Гордо выпрямив спину, я спустилась на первый этаж и налетела на портье, чей форменный сюртук украшал бейджик.
– Вы Азамат? – агрессивно спросила я.
– К вашим услугам, мадам, – склонился в полупоклоне служащий.
– Кто входил в мой номер? – выпалила я. – Только что!
На лице Азамата не дрогнул ни один мускул.
– Вероятно, горничная, они разбирают гостям на ночь постель. Если что-то не так, мы сразу уволим провинившуюся.
– Эй, ты, хочу снега, – пьяно пробормотал по-русски грубый голос.
На стойку рецепшен облокотилась пьяная баба, одетая в платье от всемирно известного модельера.
– Простите, мадам Бартенева, – на хорошем языке Пушкина ответил клерк, – у нас на Пхасо снег удивительная редкость. В летописях указано: остров лишь один раз накрыла метель, в тысяча двести…
Бартенева оглушительно икнула.
– Ты, носатая зебра! Какого… на гостинице пять звезд прибито…? Если их… ик… ик… пппять, то исполняй мои желания.
– К вашим услугам, мадам, – заверил пьянчужку Азамат. – Чего изволите?
Ладонь с растопыренными пальцами, унизанными кольцами, стукнула о стойку.
– Снега! Белого! Холодного! Живо!
– Бабушка, вот ты где! – радостно заверещали внезапно появившееся две девочки лет двенадцати. – Мы тебя потеряли!

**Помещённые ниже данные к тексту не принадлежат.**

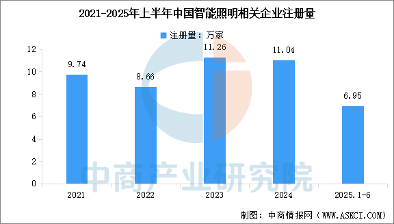 中商情報網(wǎng)訊:中國智能照明相關(guān)企業(yè)注冊量快速增長,顯示出強勁的行業(yè)吸引力和良好的發(fā)展前景。中商產(chǎn)業(yè)研究院發(fā)布的《2025-2030年全球及中國智能照明市場調(diào)查與行業(yè)前景預(yù)測專題研究報告》顯示,2024年中國智能照明相關(guān)企業(yè)注冊量達11.04萬家。2025年上半年,中國智能照明相關(guān)企業(yè)注冊量已達到6.95萬家。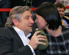 Помощник президента России Аркадий Дворкович (слева) и телеведущая Тина Канделаки (справа) на закрытых пионерских чтениях журнала "Русский пионер" в магазине "Республика" в ТЦ Lotte Plaza.
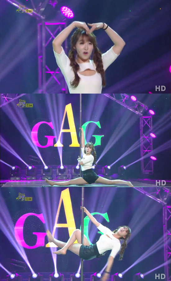 안소미는 지난 19일 방송된 KBS 2TV <개그콘서트>의 ‘댄수다’ 코너에서 아찔한 폴댄스를 선보였다.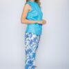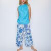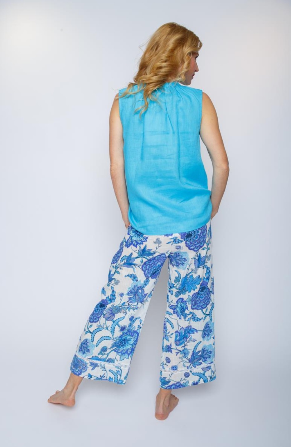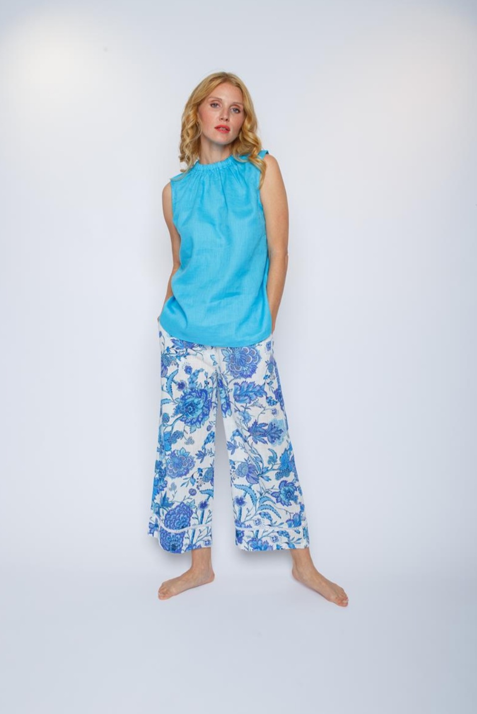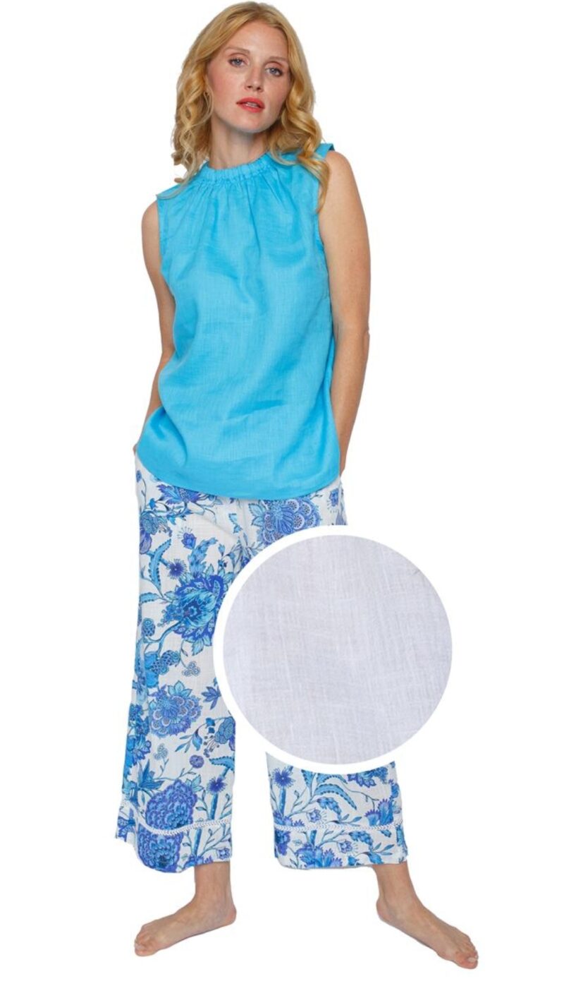 Emily van den Bergh: Blusentop Leinen in weiß und aqua 6362-154730

Дама попыталась сфокусировать взгляд.
– Вы кто?
– Аня и Маня, – хором объявили подростки.
Бартенева приложила руку ко лбу.
– Чегой-то у меня в глазах двоится!
– Бабуля, мы двойняшки, твои внучки, Аня и Маня, – пояснила одна из девочек. Потом она посмотрела на сестру: – Пять раз «Манхэттен»?

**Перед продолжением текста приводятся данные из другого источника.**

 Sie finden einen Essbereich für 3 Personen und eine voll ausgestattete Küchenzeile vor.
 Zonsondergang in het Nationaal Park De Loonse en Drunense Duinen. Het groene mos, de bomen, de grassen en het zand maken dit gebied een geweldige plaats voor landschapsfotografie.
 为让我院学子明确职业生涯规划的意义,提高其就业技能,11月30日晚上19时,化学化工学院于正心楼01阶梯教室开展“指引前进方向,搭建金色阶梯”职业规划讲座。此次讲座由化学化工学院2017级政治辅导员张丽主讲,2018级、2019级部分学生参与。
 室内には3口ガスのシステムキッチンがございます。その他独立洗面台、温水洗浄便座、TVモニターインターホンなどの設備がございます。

– Не, – помотала головой та, – виски с колой! Порция старого шкипера: триста миллилитров в пивную кружку, выпить залпом, занюхать лимонадом и повторить!

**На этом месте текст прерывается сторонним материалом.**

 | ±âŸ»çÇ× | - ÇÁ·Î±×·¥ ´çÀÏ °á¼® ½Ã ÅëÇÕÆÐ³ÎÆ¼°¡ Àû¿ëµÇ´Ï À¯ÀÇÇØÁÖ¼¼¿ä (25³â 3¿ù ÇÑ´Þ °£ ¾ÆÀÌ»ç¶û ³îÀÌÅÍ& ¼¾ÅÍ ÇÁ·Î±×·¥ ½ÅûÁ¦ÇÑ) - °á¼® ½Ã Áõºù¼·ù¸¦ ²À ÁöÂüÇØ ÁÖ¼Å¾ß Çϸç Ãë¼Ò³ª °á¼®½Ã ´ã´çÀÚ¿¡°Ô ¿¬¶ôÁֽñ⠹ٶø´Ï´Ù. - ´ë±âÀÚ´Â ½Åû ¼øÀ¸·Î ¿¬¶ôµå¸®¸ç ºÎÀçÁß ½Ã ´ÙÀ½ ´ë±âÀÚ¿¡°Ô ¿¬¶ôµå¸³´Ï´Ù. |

– Аня, Маня, баня, – Бартенева снова упала на рецепшен, – валите прочь…!…! Снега мне!
Маня посмотрела по сторонам, схватила с подноса пробегавшего мимо официанта чашечку кофе и поставила перед бабушкой.
– Глотай!
– Воняет! – оценила питье Бартенева. – Я воду не пью!
– Это коктейль, бабуля, – соврала Аня, – кофе неаполитано а-ля коньяк.
– О! Коньяковский – Чайковский, – обрадовалась дама, залпом опрокинула емкость и замерла, прислушиваясь к своим ощущениям.
– Сейчас ее на две минуты вырубит, – пояснила Маня, – всегда так.
– Потом она отомрет и весь холл расхреначит, – деловито добавила Аня, – вы не волнуйтесь, счет нам представьте, папа оплатит.
– Что? – растерялся Азамат.
Маня одернула юбочку.
– А все! Стекла, мебель, торшеры. Бабушка, как набухается, собой не владеет.